#### EXTRACTED INFORMATION:
☆ ☆ ☆ ☆ ☆

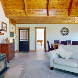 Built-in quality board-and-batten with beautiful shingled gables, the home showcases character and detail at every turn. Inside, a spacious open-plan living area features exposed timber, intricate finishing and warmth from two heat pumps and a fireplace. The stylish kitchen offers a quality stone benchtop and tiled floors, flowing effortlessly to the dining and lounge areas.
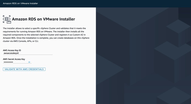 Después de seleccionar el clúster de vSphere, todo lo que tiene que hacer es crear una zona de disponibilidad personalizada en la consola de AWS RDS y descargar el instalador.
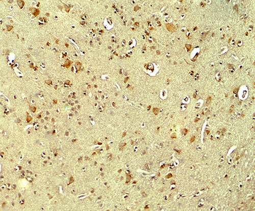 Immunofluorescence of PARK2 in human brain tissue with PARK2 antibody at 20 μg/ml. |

☆ ☆ ☆ ☆ ☆

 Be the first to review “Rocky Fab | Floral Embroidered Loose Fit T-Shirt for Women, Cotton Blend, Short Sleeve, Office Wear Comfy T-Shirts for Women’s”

☆ ☆ ☆ ☆ ☆

#### WORK ORDER:
The expected output is the lines above from the one containing "Built-in quality board-and-batten" to the one containing "Immunofluorescence of PARK2", both ends included, reproduced exactly with every picture left out.

#### EXERCISE ANSWER:
 Built-in quality board-and-batten with beautiful shingled gables, the home showcases character and detail at every turn. Inside, a spacious open-plan living area features exposed timber, intricate finishing and warmth from two heat pumps and a fireplace. The stylish kitchen offers a quality stone benchtop and tiled floors, flowing effortlessly to the dining and lounge areas.
 Después de seleccionar el clúster de vSphere, todo lo que tiene que hacer es crear una zona de disponibilidad personalizada en la consola de AWS RDS y descargar el instalador.
 Immunofluorescence of PARK2 in human brain tissue with PARK2 antibody at 20 μg/ml. |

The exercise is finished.